Governance Assessment

  • Board effectiveness and engagement
    • Independent director; Audit Chair; designated financial expert; 100% attendance across Board and committee meetings in 2024—strong indicators of oversight quality.
    • Executive sessions held quarterly with rotation among committee chairs (including Audit Chair), supporting independent deliberation.
  • Alignment and incentives
    • Material personal stake (1.75% beneficial ownership) and compliance with 5x retainer ownership guideline enhance alignment with shareholders.
    • Director pay structure stable YoY and below peer median; equity awarded via time-based RSUs (no performance metrics), reducing risk of misaligned short-term incentives.
  • Conflicts and related-party exposure
    • Roles at Southeast Asset Advisors and affiliated entities disclosed; large blocks include advisory client accounts where he disclaims beneficial ownership; shares in marginable accounts but set to non‑margin—no Item 404 related-party transactions disclosed; independence reaffirmed.

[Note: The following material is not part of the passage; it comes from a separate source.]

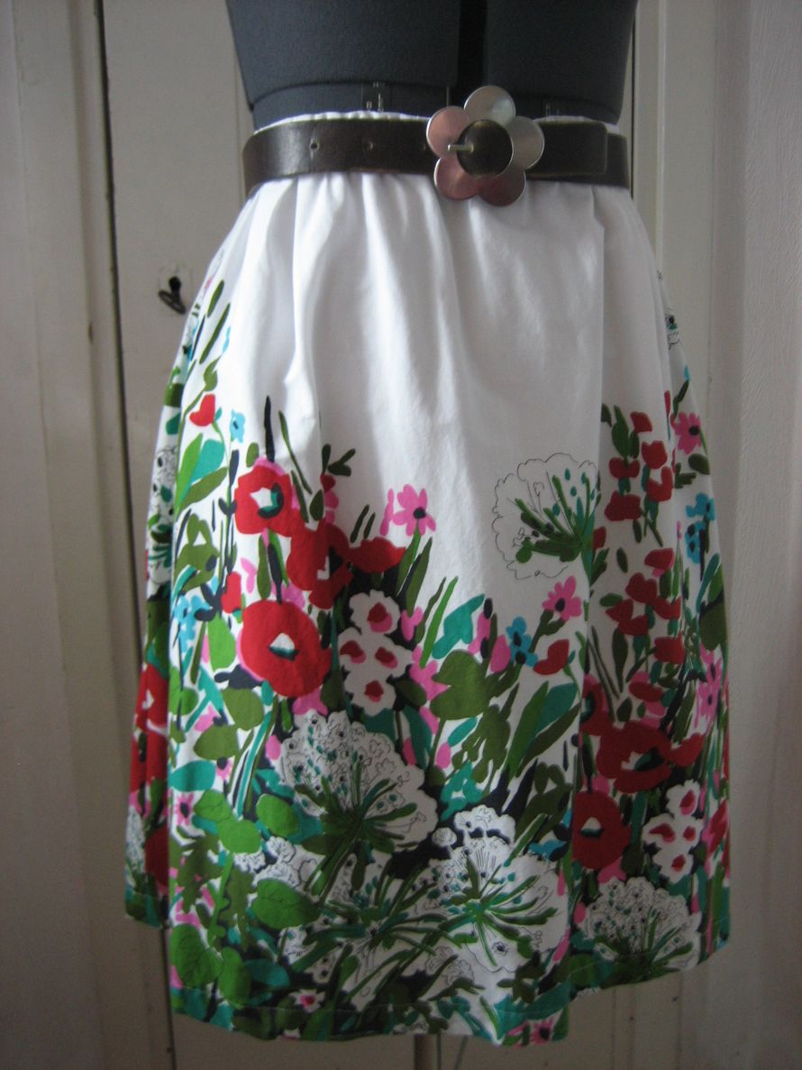Tämä oli taas niitä (ei-niin-onnistuneita) projekteja... :D Alunalkaen tästä piti tulla mekko, mutta toisin kävi. Itseasiassa sain mekon ommeltua lähes valmiiksi, mutta sitten huomasin, että olin valinnut vartalolleni täysin epäsopivan mallin (en viitsi mainita lehteä tai mallia). Yläosa oli aivan järkyttävä teltta, josta ei saanut mitenkään hyvää. Joten ei muuta kuin sakset käteen, ja yläosa hiiteen. Kangasta ei kylläkään jäänyt edes vyotärökaitaleen vertaa, joten jouduin vaan kääntämään kangasta vyötäröltä niin, että sain ommeltua hameeseen kaksi kuminauhakujaa. Ei niin tyylikäs ratkaisu, mutta ainoa vaihtoehto tässä tilanteessa (hameessa on vuorikin). Tähän projektiin meni yksi heinäkuinen viikonloppu (kiroillen), ja nyt jälleen muistan, että miksi en yleensä juurikaan ompele...

    • CNX maintains strict Related Person Transaction Policy with Audit Committee oversight and robust independence criteria for Audit and Compensation Committees.
  • Investor confidence signals
    • Say-on-pay approval ~84% at 2024 Annual Meeting indicates broad shareholder support for CNX’s compensation practices.

Watch items (monitor, not red flags): Concentration of shares in entities and advisory accounts may draw scrutiny; ensure continued adherence to no-pledging policy and related-party transaction oversight.